Drop another coin in the slot and I will tell more.
 
 
Mr. McFee bribes Joey's palm reader
 
You came to answer a question whose answer
should be obvious. You come from a great
nomadic heritage and will remain unhappy
unless you travel many distant lands.
The space between these lines implies
your destiny would be best determined by
reading patterns of poured colored sand
on white paper by a tribe in Arizona.
This is your intelligence which curves
upward, except here where it's disrupted
by a strong heart line matter of
love.
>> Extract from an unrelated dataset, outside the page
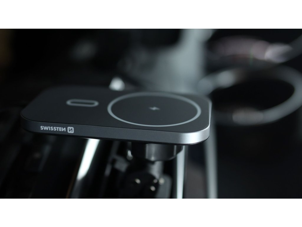 Držák Swissten podporuje magnetické bezdrátové nabíjení kompatibilní s MagSafe. Přesně rozmístěné magnety automaticky vycentrují iPhone 12 a novější modely k nabíjecí ploše a umožňují bezdrátové nabíjení výkonem až 15 W. Zároveň je zachována kompatibilita se standardem Qi, takže lze nabíjet i iPhone 8 a novější zařízení.

Your lifeline indicates a long,
adventuresome existence as long as you
never see Amanda McFee again.
 
 
After school special
 
Robinson Caruso moves along the isle
in movements we each become mired in
and hence go unrecorded. At that point
during day when words fail, literary figures
come to his aid speaking unavailable
tomes. For hands like yours time's great
garbage will appear. In a quote taken
from context disappear. We only supplant
your longing with ours. There is no
point in despair, we envy your situation
and each look for something to never find
a way out of. If, after leaving the island,
we see each other on the broad sea and I
don't say hello, don't take it personal.
 
 
Ed Kopta sets the stereo on fire
 
There once was a fire who went beyond
his means and then was declared bankrupt
in the court which judged him. My friend Josh
once fought fires to save the extinct animals
themselves but not the concept. There are
those lost in well treed forests with no
intention of leaving. They have left
their day jobs and are quite happily unrecorded.
But mostly when I think of fire, I think of
Ed watching the candle samba to the speaker's
backbeat. And how the woofer moved to
the candle's light flicker and, at that moment,
well versed in chemicalogical underpinnings,
how Edward knew to unite the ununiteable.

 
 

 
 

David Baratier is the editor of Hands Collected: The Books of Simon Perchik to be released later this year. See his interview with Simon Perchik in Jacket # 8.
      Various of his own pieces have appeared or are forthcoming in Denver Quarterly, Red Brick Review, Jacket, Poet Lore, Slipstream, Quarter After Eight, Riverwind, Phoebe, Situation, Mirage Period(ical) #4, Logodædalus, Generator, Mass Ave, Poetry Motel, Poetry New York, Key Satch(el), and many others. He is also the founder and editor of Pavement Saw Press. A limited edition broadside was published by Oasia Press (Amman, Jordan). A Run of Letters was published in 1998 from PNY (Poetry New York) Press. These poems are from The Fall Of Because, forthcoming from Pudding House in 1999.